En este documento analizo, muy esquemáticamente, las vías posibles de articulación entre movimientos sociales y partidos políticos en el mundo contemporáneo. En breve, afirmaré que dadas las características de los movimientos sociales actuales (más bien, de la movilización social) y las de los vehículos electorales hoy en boga (léase, los equivalentes funcionales de los viejos partidos políticos), dicha articulación es poco probable y, de lograrse, está destinada a la corta duración.

En función de mi conocimiento superficial sobre la realidad de los movimientos sociales, el texto se centra especialmente en analizar los desafíos que hoy enfrenta la estructuración de representación política legítima en nuestras sociedades. El resto de este artículo se estructura en torno a cinco secciones. La primera, argumenta que el caso de Perú constituye un buen heurístico para pensar el futuro de los partidos políticos en la región. La segunda, identifica una serie de factores que complican la tarea de quienes buscan crear y sostener partidos políticos programáticos e institucionalizados. La tercera sección pone en relación las dinámicas emergentes con el déficit de legitimidad que hoy enfrentan los sistemas de representación democrática en la región, y crecientemente en el mundo. Allí se argumenta que los sistemas políticos de la región enfrentan el enorme desafío de intentar generar legitimidad, lo que necesariamente supone la capacidad de sincronizar los tiempos políticos y de la política (si se quiere, los tiempos objetivos), con las necesidades subjetivas de los ciudadanos.
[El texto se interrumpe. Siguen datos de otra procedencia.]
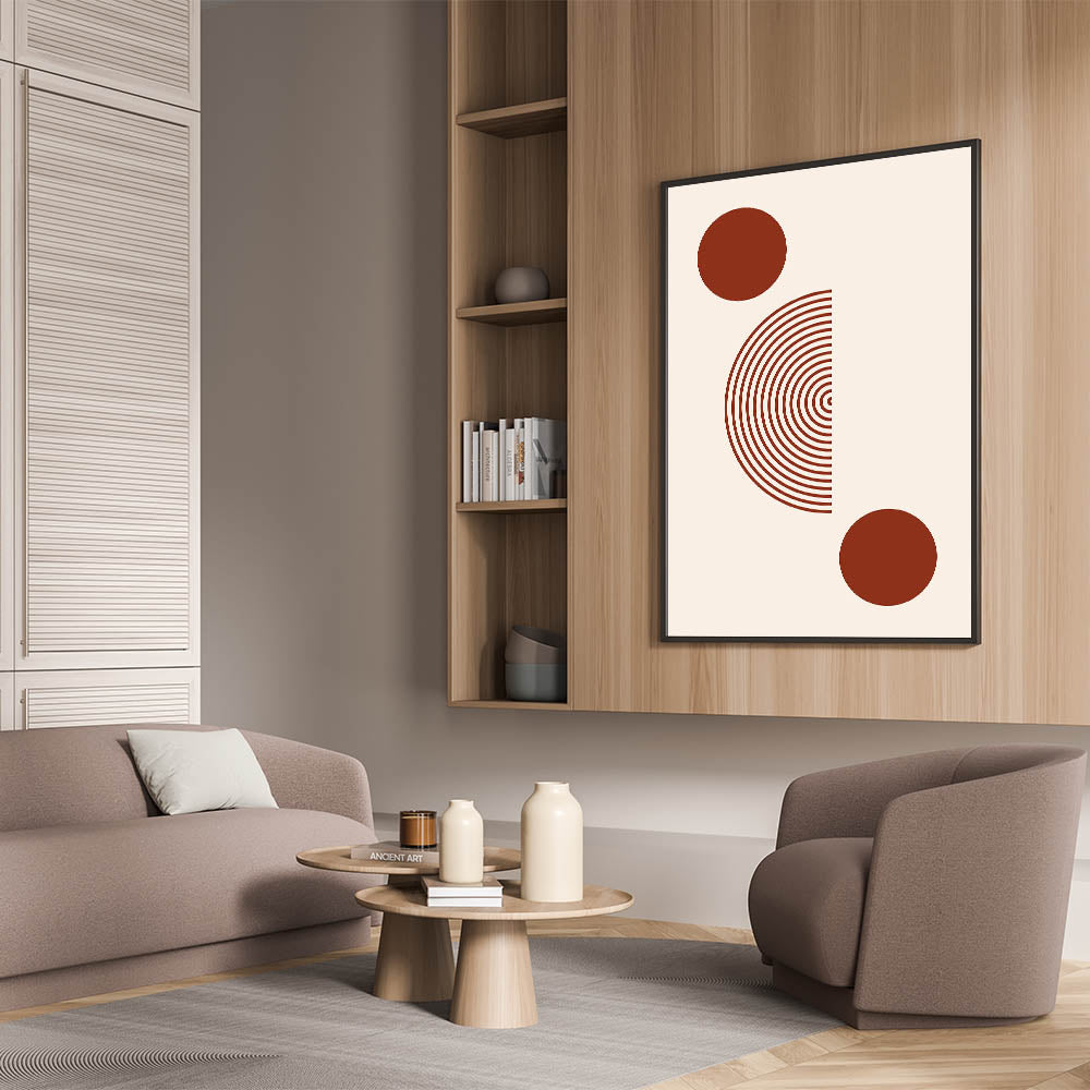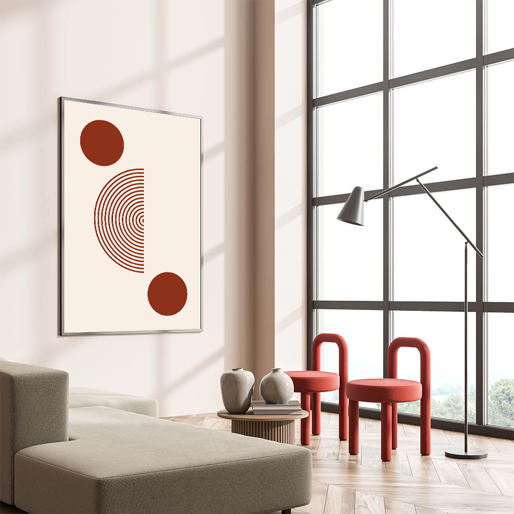 Enhance your living space with this bold bohemian wall art featuring a striking rust color and geometric patterns. The combination of concentric circles and solid shapes creates a captivating design, perfect for adding a modern boho chic vibe to your home decor. This handcrafted bohemian canvas is ideal for those who appreciate minimalist yet artistic pieces that make a statement in any room.

Finalmente, con el telón de fondo que estructuro en base a investigaciones y publicaciones previas, especulo sobre tres vías posibles de articulación entre partidos y movimientos, haciendo referencias esquemáticas a casos contemporáneos. Esquemáticamente señalo allí las principales promesas y limitantes de cada tipo. Al igual que el resto del artículo, concluyo argumentando que no hay soluciones fáciles (i.e. ajustes de los incentivos que estructuran las reglas de juego institucionales; fórmulas probadas de rearticular a partidos y movimientos sociales), en el marco de la crisis que hoy enfrenta la representación política en sociedades liberal-democráticas.

 

Perú como heurístico de un futuro «sin partidos»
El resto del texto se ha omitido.